How to complete this task. Copy exactly the lines of the data below, beginning with the line with "BOLA DECORADA NATAL C/8 UN VERMELHO 8cm" and ending with the line with "Hayooo Brown Faux". Pictures are to be omitted.
[[ Given entries open ]]
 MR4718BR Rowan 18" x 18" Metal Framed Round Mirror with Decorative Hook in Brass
[[ Given entries closed ]]
[[ Given entries open ]]
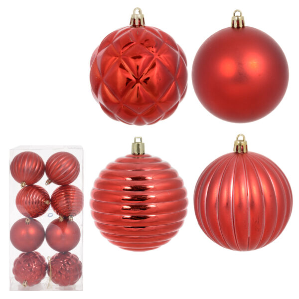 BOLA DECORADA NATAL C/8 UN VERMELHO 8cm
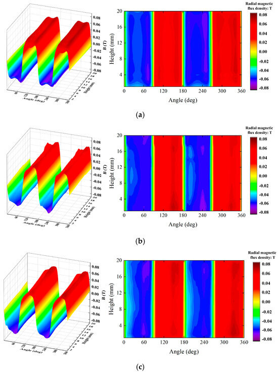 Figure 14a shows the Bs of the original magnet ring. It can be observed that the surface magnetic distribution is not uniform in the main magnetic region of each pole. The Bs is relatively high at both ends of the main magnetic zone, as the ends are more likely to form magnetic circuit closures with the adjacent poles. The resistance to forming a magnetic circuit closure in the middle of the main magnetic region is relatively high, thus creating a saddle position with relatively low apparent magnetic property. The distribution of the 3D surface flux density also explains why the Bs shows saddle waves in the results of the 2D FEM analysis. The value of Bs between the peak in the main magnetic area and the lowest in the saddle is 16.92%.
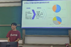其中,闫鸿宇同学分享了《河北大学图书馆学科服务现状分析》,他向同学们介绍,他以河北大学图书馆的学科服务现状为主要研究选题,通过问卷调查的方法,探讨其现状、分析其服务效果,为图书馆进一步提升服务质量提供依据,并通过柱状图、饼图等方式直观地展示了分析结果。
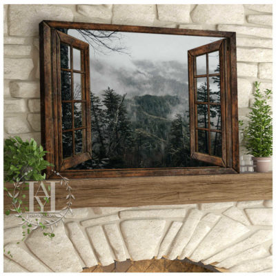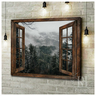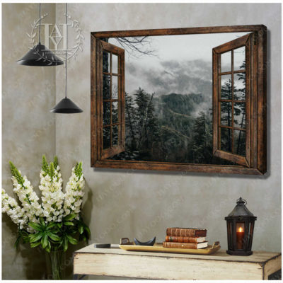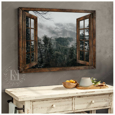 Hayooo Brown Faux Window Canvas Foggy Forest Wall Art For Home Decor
[[ Given entries closed ]]
[[ Given entries open ]]
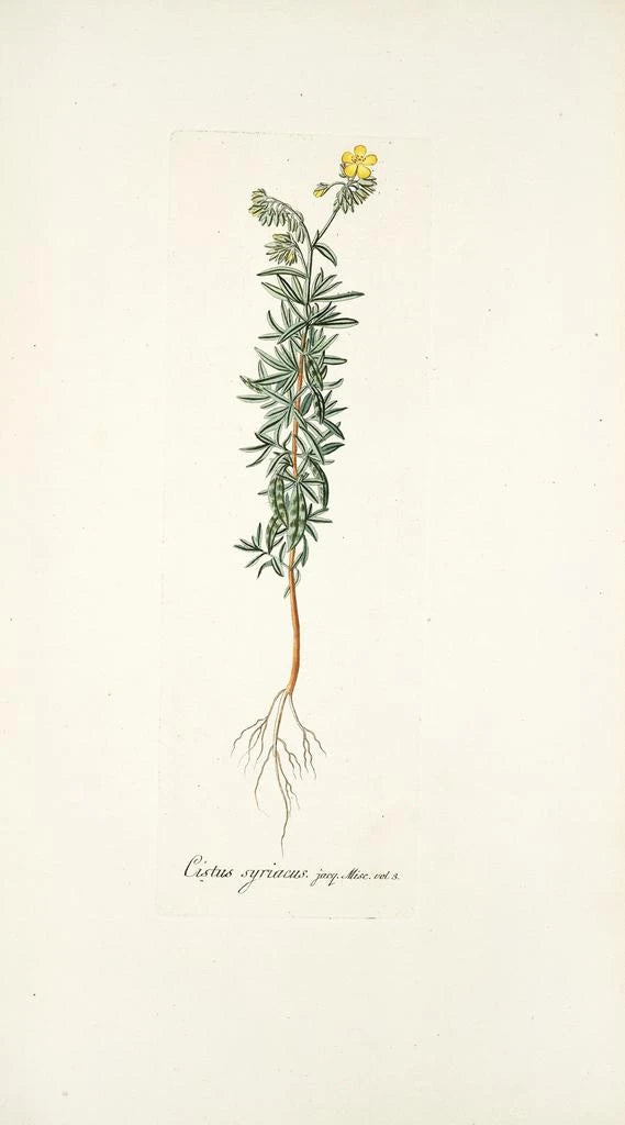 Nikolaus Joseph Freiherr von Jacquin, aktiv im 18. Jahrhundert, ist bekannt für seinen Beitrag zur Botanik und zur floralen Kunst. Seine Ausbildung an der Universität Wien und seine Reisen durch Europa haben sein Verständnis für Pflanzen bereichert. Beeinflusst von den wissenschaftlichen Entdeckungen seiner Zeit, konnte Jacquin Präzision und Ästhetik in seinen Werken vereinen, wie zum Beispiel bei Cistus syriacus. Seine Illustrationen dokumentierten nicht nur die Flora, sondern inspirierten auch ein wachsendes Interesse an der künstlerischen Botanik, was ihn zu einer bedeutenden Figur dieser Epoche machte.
[[ Given entries closed ]]
Reply.
 BOLA DECORADA NATAL C/8 UN VERMELHO 8cm
 Figure 14a shows the Bs of the original magnet ring. It can be observed that the surface magnetic distribution is not uniform in the main magnetic region of each pole. The Bs is relatively high at both ends of the main magnetic zone, as the ends are more likely to form magnetic circuit closures with the adjacent poles. The resistance to forming a magnetic circuit closure in the middle of the main magnetic region is relatively high, thus creating a saddle position with relatively low apparent magnetic property. The distribution of the 3D surface flux density also explains why the Bs shows saddle waves in the results of the 2D FEM analysis. The value of Bs between the peak in the main magnetic area and the lowest in the saddle is 16.92%.
其中,闫鸿宇同学分享了《河北大学图书馆学科服务现状分析》,他向同学们介绍,他以河北大学图书馆的学科服务现状为主要研究选题,通过问卷调查的方法,探讨其现状、分析其服务效果,为图书馆进一步提升服务质量提供依据,并通过柱状图、饼图等方式直观地展示了分析结果。
 Hayooo Brown Faux Window Canvas Foggy Forest Wall Art For Home Decor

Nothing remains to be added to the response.